Bertha inquirió con cautela:

─¿Podría ir yo a la tienda de Nuttall, decirle que me interesaba un pinjante de esmeraldas de determinado tipo, y…?

─¡No sea idiota! ─la interrumpió Bertha─. Habría una probabilidad entre cien de que Nuttall le enseñara el pinjante. Sí lo hiciese, le daría precio y garantizaría el título de propiedad. No discutiría con usted cómo había llegado a sus manos. Puedo asegurarle, señora Cool, que no hay ninguna manera fácil de obtener la información que deseo.

Bertha se aclaró la garganta.

─Solemos cobrar siempre algo por adelantado para prestar nuestros servicios ─dijo, mirándome.

─Yo no pago por adelantado ─anunció Sharples.

─Y nosotros no trabajamos sin anticipo ─le informé. ─Extienda un cheque de quinientos pavos y tráceme un boceto del pinjante.

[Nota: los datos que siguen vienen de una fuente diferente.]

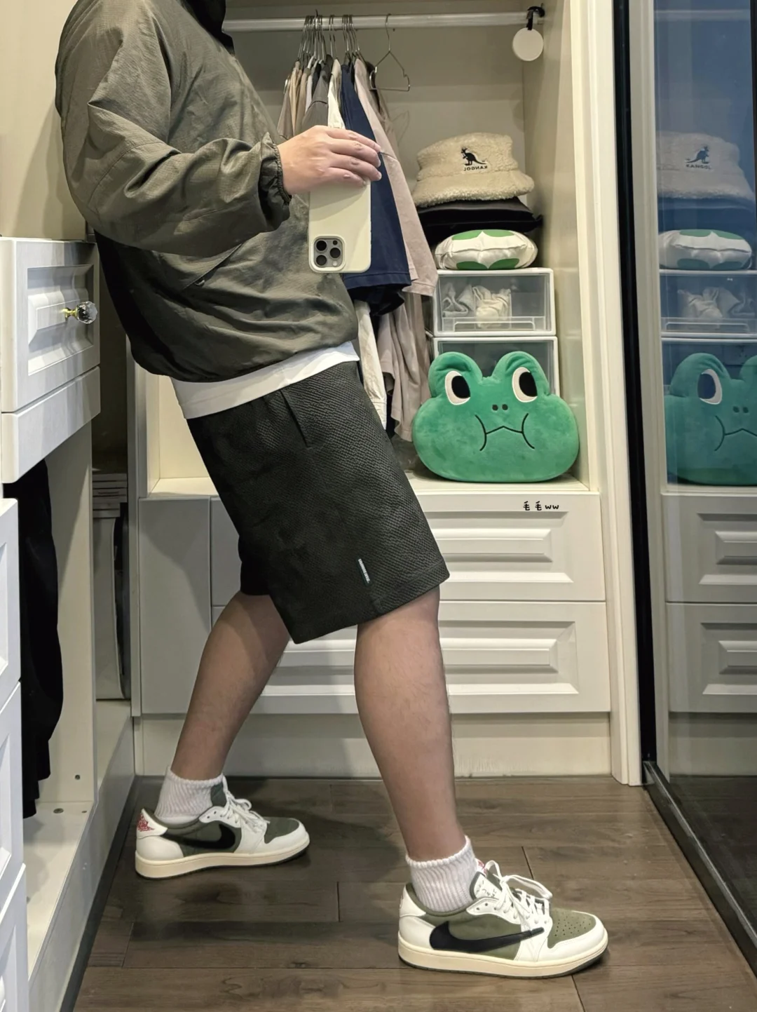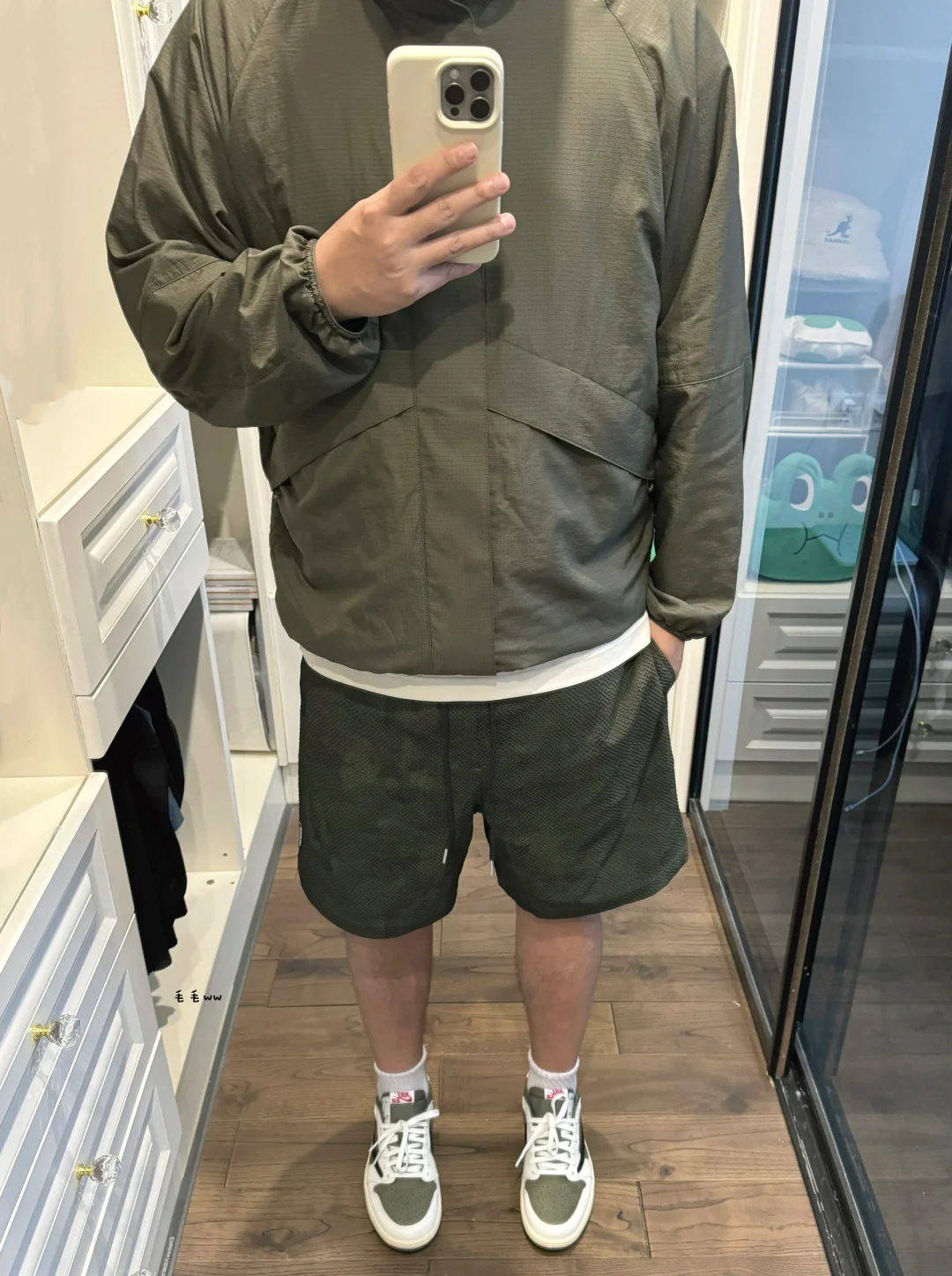 -C系列轻型夹克,实物防晒服非常轻薄,没有官方展示图那么带感,配有系列同材质短裤 . -墨绿或者橄榄,色系增加质感,属于纯为配色埋单,春夏秋交替的时候穿着正好 . —————— . 👔Uniqlo :C / 476196 // L . 🩳Expensive Taste // M . 👟Air Jordan 1 / Travis Scott // 42 . —————— . ✏️本人178cm75kg 球鞋尺码265mm(正常EU42) . 💭以上均为我个人观点,不喜勿喷,欢迎讨论

Quedóse muy quieto mirándome.

Bertha empujó su pluma estilográfica hacia él.

─No, gracias ─repuso Sharples─, al trazar el boceto de una joya, siempre se hace mejor con lápiz. Hay más facilidad para dar las tonalidades… los claros y las sombras…

─La pluma estilográfica es para que extienda el cheque, solamente ─repliqué.